Syria: US-backed SDF challenges Assad military threats | News | Al Jazeera

Syria: US-backed SDF challenges Assad military threats

SDF says Assad's threat of a military confrontation with the group will only bring more 'destruction'.

    Both the SDF and Russian-backed Syrian government troops are engaged in separate operations against ISIL [File: Reuters]
    Both the SDF and Russian-backed Syrian government troops are engaged in separate operations against ISIL [File: Reuters]

    Syrian Democratic Forces (SDF) has said a threat by President Bashar al-Assad to use force to recover the swath of northern and eastern Syria controlled by the group would not yield any results.
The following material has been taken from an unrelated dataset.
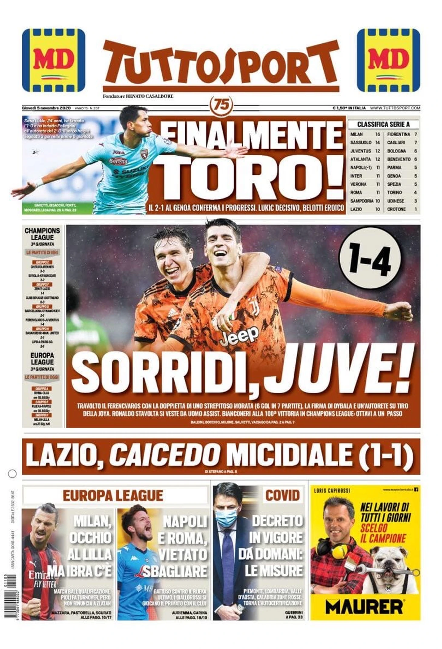 Победа «Ювентуса» над «Ференцварошем», ничья «Лацио» с «Зенитом» на фоне сомнительных тестов на ковид, а также сегодняшние матчи «Милана», «Наполи» и «Ромы» в Лиге Европы – в утреннем обзоре заголовков итальянских спортивных изданий в блоге «В гостях у Кальчо».

    Military intervention is "not a solution that can lead to results," SDF spokesperson Kino Gabriel told Reuters News Agency on Thursday.
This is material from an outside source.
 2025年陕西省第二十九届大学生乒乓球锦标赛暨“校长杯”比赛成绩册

    "Any military solution, as far as the SDF is concerned, will lead to more losses and destruction and difficulties for the Syrian people," Kino said.

    Earlier on Thursday, Assad warned in an interview with the broadcaster Russia Today that he would not hesitate to use force to reclaim the one-third of the country under SDF control, if negotiations fail.
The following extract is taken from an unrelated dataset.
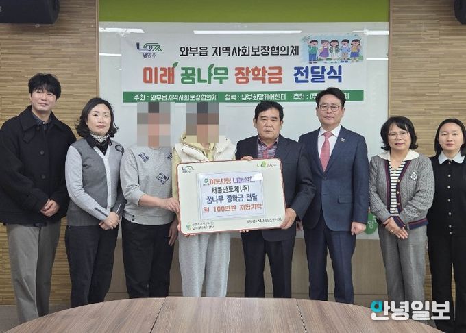 이날 전달식에는 와부읍장을 포함한 남부희망케어센터 관계자, 지역사회보장협의체 위원장 및 장학금 대상 아동 가구가 참석했다. 장학금은 지역 아동 10명에게 매월 10만 원씩 지원하는 방식으로 전달된다.

    He also warned that the US should learn the lesson of Iraq and remove its troops from Syria.

    "The only problem left in Syria is the SDF," Assad said.

    "We're going to deal with it by two options," he said.

    "The first one: we started now opening doors for negotiations. Because the majority of them are Syrians, supposedly, they like their country, they don't like to be puppets to any foreigners," Assad said in English.

    "We have one option, to live with each other as Syrians. If not, we're going to resort ... to liberating those areas by force."

    Founded in 2015, the SDF says it is fighting to establish a democratic and federal Syria along the lines of the Rojava region in the north.

    Its makeup largely consists of Kurdish YPG fighters and smaller groups of Arab, Turkmen and Armenian fighters.

    Last year, the US began arming them before an offensive to recapture Raqqa, the former de facto capital of the Islamic State of Iraq and the Levant (ISIL, also known as ISIS).

    The Kurdish YPG and its allies have carved out autonomous regions in the north, and they now control nearly a quarter of Syria.

    Both the SDF and Russian-backed Syrian government troops are engaged in separate operations against ISIL in eastern Syria.

    Assad said a confrontation between Russia and US forces over Syria had been narrowly avoided "by the wisdom of the Russian leadership".